Basically in a wing, there's overpressure on the bottom and underpressure at
the top. This is all good. But it causes a problem at the wingtip, the air
escapes and goes from bottom to top. The tip vortex. Does not contribute to
lift, causes drag, so is bad.

So you can put a vertical winglet there to diminish the tip vortex, or to
extract thrust from it. Or you can extend the wing but make it have a lower
angle of attack near the tip, again extracting thrust, basically a horizontal
winglet if you will.

Then there's the issue of stability. A plane is stable when, if you increase
the angle of attack, the rearward lifting surfaces have more increase in
negative nose down moment than the positive nose up moment of the forward
lifting surfaces.

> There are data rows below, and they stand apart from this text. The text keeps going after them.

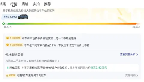 如图所示,在当前的车况下,该车的市场行情大致在30.63万至37.74万之间。需要注意的是,具体的成交价会受到车辆状况等因素的重要影响。实际定价将根据车辆的保养情况、行驶里程及使用年数等具体条件而有所不同。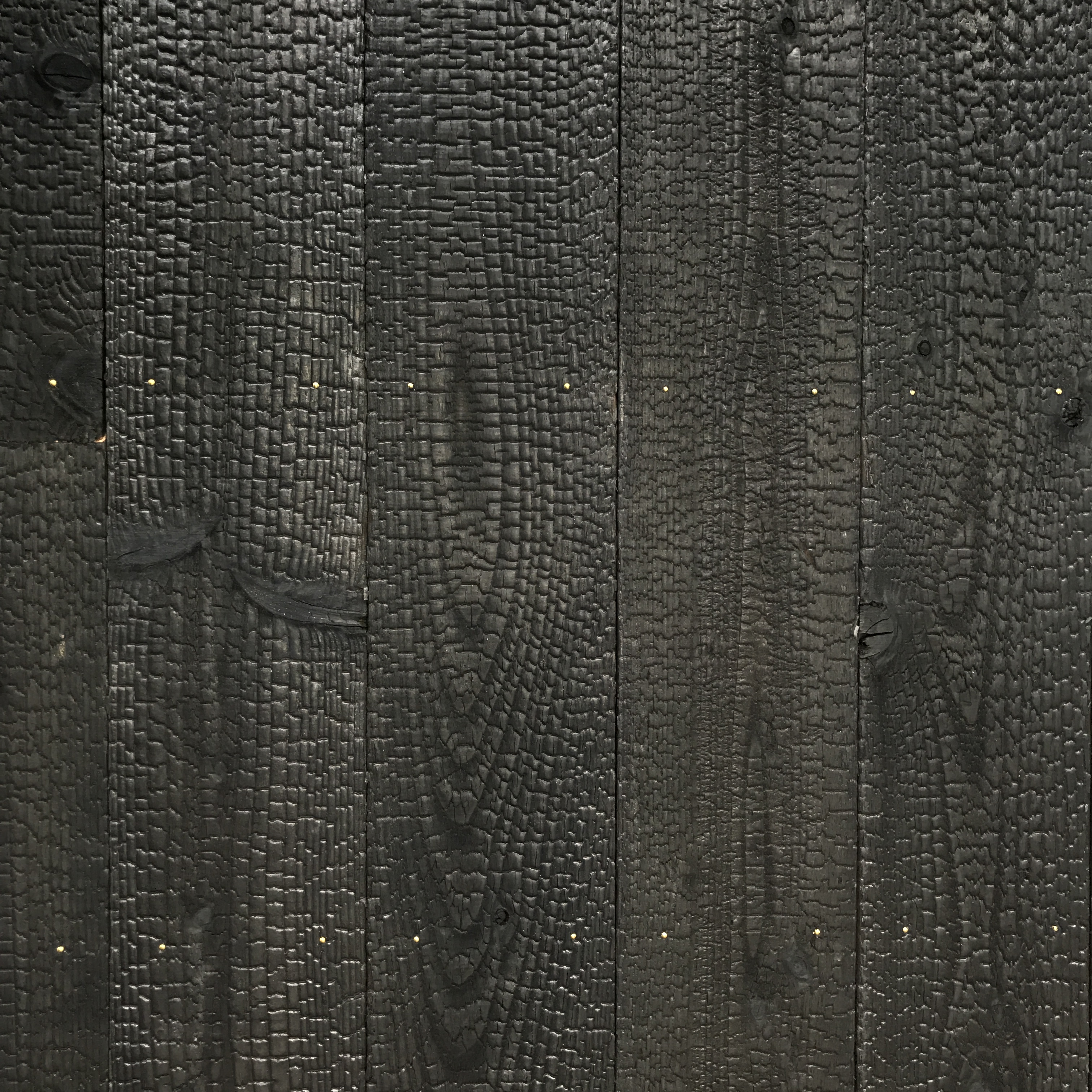 共栄木材さんではいろいろな焼き杉を取り扱っています。焼いてそのままのものや表面のモコモコを落とした平滑でソリッドなもの、さらに磨きをかけて木地が表れた木質感のあるものなど。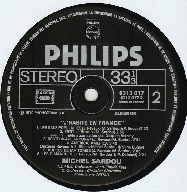 | Titre Label et référence Support Pays Date | Disque d'or Philips 6313 017 LP, Original France 1970 |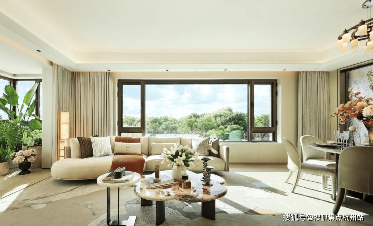 【约102㎡样板间】三房两厅两卫格局,同样的布局设计巧思应用于102㎡,打造出近乎双套房的生活体验。5米面宽横厅设计,营造极致通透感,臻选奢石融入空间,优雅时尚。厨房科学动线设计,搭配国际品牌五金和厨电,悦享精致烹饪时刻。星级主卧,独立卫浴,将空间最大程度延伸,打造舒居体验。

So the aircraft tends to correct itself (move back to lower
angle of attack).

In an ordinary plane it means a wing near the center of gravity and a tail
with a lower angle of set incidence far behind.

In a canard, the center of gravity must be between the wings and the front
wing must be set in a higher incidence.

In a flying wing it means sweepback and twist: the outer portion of the wing
must act as a tail. The outer portion must be twisted nose down so it has a
lower angle of incidence.

Flying wing design is harder since there are more functions it must do than in
a more conventional plane.

That is a really really short version of it. It didn't mention positive moment
airfoils etc.

------
abakker
Does it not include balloons? They want surface area, slow movement, and the
ability to operate on little to no energy. Wouldn't a large, permanent balloon
filled with helium and sized to perfectly offset the weight of the aircraft be
better? It seems like it would be easier just make it neutral buoyancy than to
try to constantly provide lift.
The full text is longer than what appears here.